Water Parameters:N/A
Have you tested your water? If so, what are the following parameters? No =(

Ammonia:
Nitrite:
Nitrate:
pH:
Hardness:
Alkalinity: 

Symptoms and Treatment
How has your betta fish's appearance changed? Just his fins because of the fin rot
How has your betta fish's behavior changed? He still acts the same. He's always happy to see people.
When did you start noticing the symptoms? A little over a week after I got him.
Have you started treating your fish? If so, how? Yes, I started with the aquarium salt treatment and did it for 1 week. Water changes was 25% one day, then 50% the next, and I even did a 75%. I stopped because I wasn't seeing any improvement and I read on the forum that someone said to leave them be and let them heal on their own. Left him alone for about a week and then decided to use epsom salt. Been doing 1.5tbsp/gal for a few days. Read that you could go up to 3tbsp/gal so that's what I did for yesterdays water change.
Does your fish have any history of being ill? Just the fin rot
How old is your fish (approximately)? No idea. Got him at Petco

I'm doing the best I can to take care of him, I promise!  Today, I noticed his caudal fin is no longer smooth along the edge :-( The anal fin some days ago became straight. I don't know what happened. One day, I looked into his tank and the part that was missing from the anal fin was gone except for 2-3 tiny, stringy pieces still connecting and then later on in the day, those pieces were gone. Now it looks like most of that fin is starting to heal though..? Ugh I'm just so frustrated and sad! I've been doing research on how to care for him and whatnot and I feel like no matter what I do, it just isn't working.

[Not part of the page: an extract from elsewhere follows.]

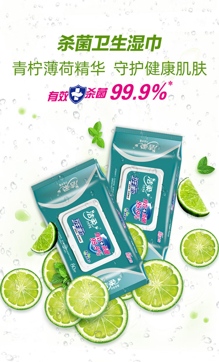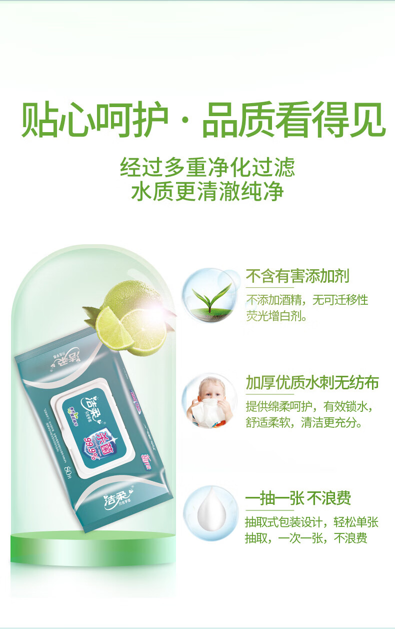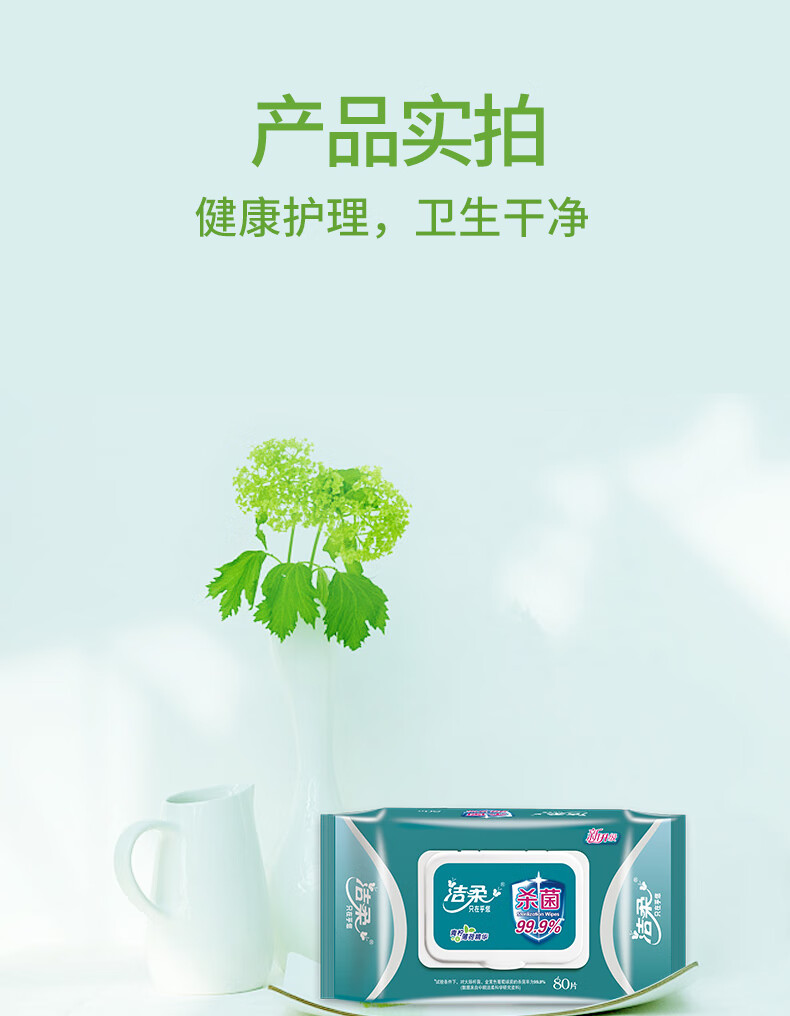 洁柔卫生湿巾 加厚80片*1包 99.9%杀菌清洁 呵护肌肤清爽不粘腻

Before I started the epsom salt treatment, I cleaned out the whole tank and kept him in clean water with the additives needed. There's no gravel in there because I wanted to make sure his poop was normal, which it is. All that is in the tank is the large silk plant and his little hiding spot. The temperature is always at 80 and I even replaced the filter cartridge. I figured I should replace the cartridge to keep the water nice and clean. So yes, I do need to start over on cycling my tank, but for now, it's just being kept nice and clean so my boy can heal


How he used to be:









How he is now..










Since I have created a thread of my own for my boy, I would love advice and suggestions from anyone  I'm starting to feel helpless for him..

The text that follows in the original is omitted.